Second, people become frustrated with online dating — and that's when a matchmaker's services prove invaluable. That massive process of weeding through potential mates is exhausting, and some of the people winking at you turn out to be married or creepy. It's a tough job to tackle alone, and it's an embarrassing one to mismanage.
"I once had an Orthodox Jewish girl I was working with in New York, and she had been dating someone for four or five dates and let him sleep over," Greenwald says. "Well, the next morning he has to go to temple, but it's Shabbat and it's too far away for him to go without using technology, and he didn't have his tallis, his prayer shawl. She runs to the bathroom and is texting me because she doesn't know whether it's him freaking out about sleeping together or about his tallis."

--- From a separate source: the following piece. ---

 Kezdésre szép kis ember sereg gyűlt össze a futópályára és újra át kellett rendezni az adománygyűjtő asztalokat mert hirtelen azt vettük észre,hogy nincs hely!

When Greenwald peeks at her cell phone, the move is subtle, as though she's just reaching for a fork and accidentally encounters her BlackBerry. In case of dating emergencies like the tallis incident, she and her disciples keep their cell phones turned on and are always available to tackle romantic problems as they develop.
A typical date-coaching session with a female client covers a strict regimen of training, refinement and blunt honesty. Before even starting out with a new date-coaching customer, though, Greenwald asks the woman to request a minimum of six letters from friends, family members and ex-boyfriends, explaining why this client has not yet found love. After that, a client will fly in to Denver (most of them are from New York), where Greenwald will book her into a comfortable hotel and then wake her up at eight the next morning to have her makeup and hair done in Cherry Creek.

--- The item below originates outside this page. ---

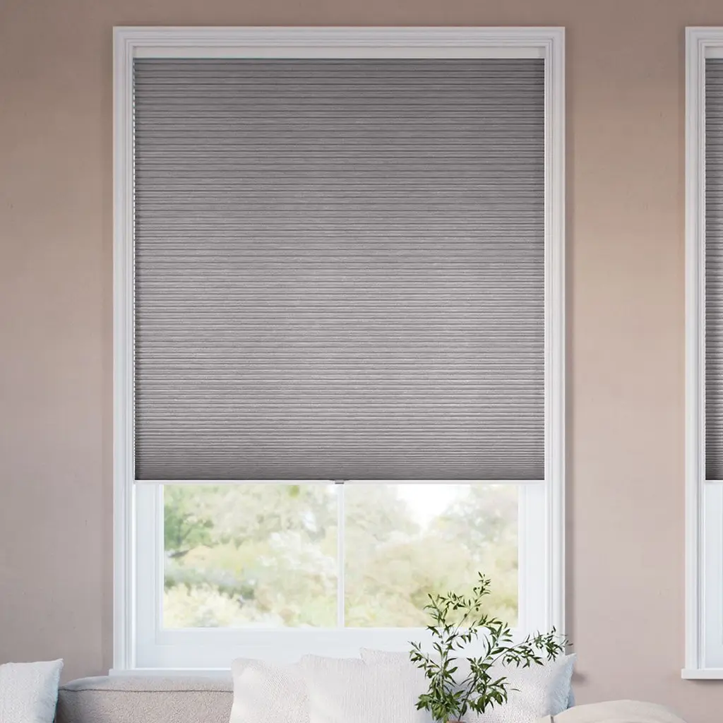 Legacy Blackout Cellulars – Ultimate Light Control with Energy Efficiency Transform your home with Legacy Blackout Cellular Shades, designed for superior light blockage and year-round energy efficiency. These sleek, cool-toned neutral shades provide a modern aesthetic while their honeycomb structure insulates your space, keeping it cooler in summer and warmer in winter. The blackout fabric ensures increased darkness, making them ideal for bedrooms, nurseries, and media rooms. With a cordless lift system for a streamlined and child-safe design, these shades offer both function and style.
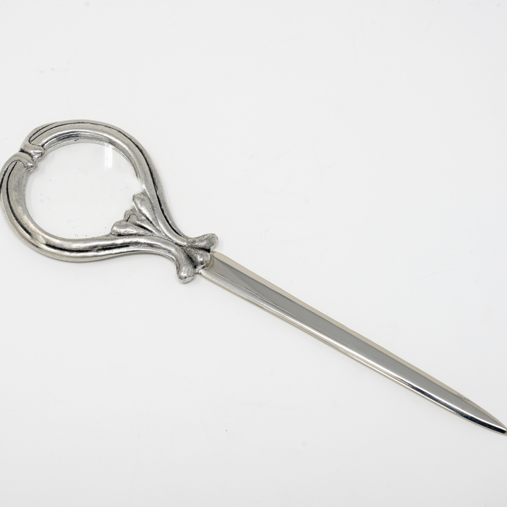 Elevate your office with our Letter Opener with Magnifying Glass. The stylish pewter and stainless steel design effortlessly combines form and function. Ideal for a closer look, this accessory is a must-have for any discerning professional. Enhance your work experience, and treat your fingertips and eyes to a touch of luxury.

From there, the client will visit Marea Evans, Greenwald's go-to photographer, to have flattering photos taken for her dating profile. All clients are required to purchase a brand-new push-up bra before being photographed, and Greenwald approves their wardrobe options before the photos are taken. The rest of the day consists of one-on-one date counseling with a short lunch break, during which Greenwald actually stages a pretend date.

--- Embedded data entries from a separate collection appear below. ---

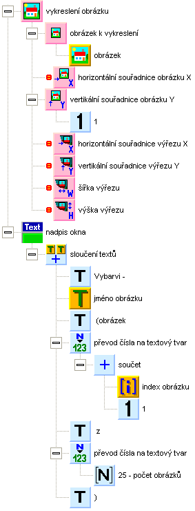 Prvním příkazem v cyklu je vykreslení obrázku okénka volby barev. V příkazu uvedeme pouze jediný parametr - obrázek k vykreslení. Nejsou-li ostatní parametry uvedeny, vykreslí se obrázek v levém dolním rohu okna.
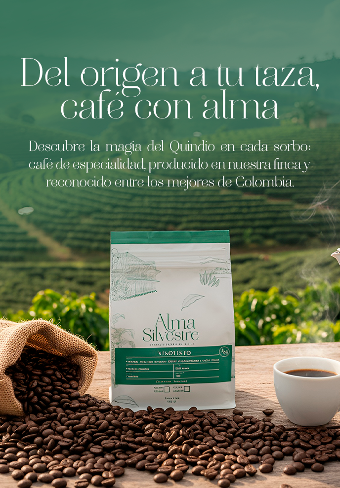 En Alma Silvestre Café somos más que productores: somos una familia que vive y respira café desde el corazón del Quindío. Nacimos en 2021 con un sueño claro: compartir la magia de nuestro origen en cada taza, llevando al mundo un café de especialidad cultivado con responsabilidad, pasión y respeto por la tierra.
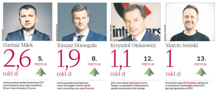 Roman Karkosik, Zbigniew Jakubas, Leszek Czarnecki – te nazwiska rozpalają wyobraźnię inwestorów. Tymczasem wraz z trwającą hossą grono giełdowych miliarderów systematycznie się powiększa. Jego trzon stanowią przedsiębiorcy, którzy kilka lat temu wprowadzili swoje biznesy na giełdę. Niektórzy – jak Tomasz Biernacki, współwłaściciel sieci sklepów Dino – zrobili to dopiero w tym roku, a już awansowali do pierwszej dziesiątki najbogatszych prywatnych inwestorów. Takich osób będzie przybywać.

All of this work takes time and expertise, and Greenwald encourages the matchmakers she trains to charge heavily for them. Some clients do not even trust matchmakers who do not approach the expensive end of the scale, she points out. The issue of price is frequently debated at her boot camp, though most followers elect to follow Greenwald's scale, or at least an approximation of it. But Boulder dating coach Heidi Wicks has elected to ignore it.
"My feeling is that everybody deserves love, not just the wealthy," Wicks says. "There are a lot of business models that only cater to the wealthy, and that just rubs me the wrong way. I want to be available to people with less money, but I still want to make money."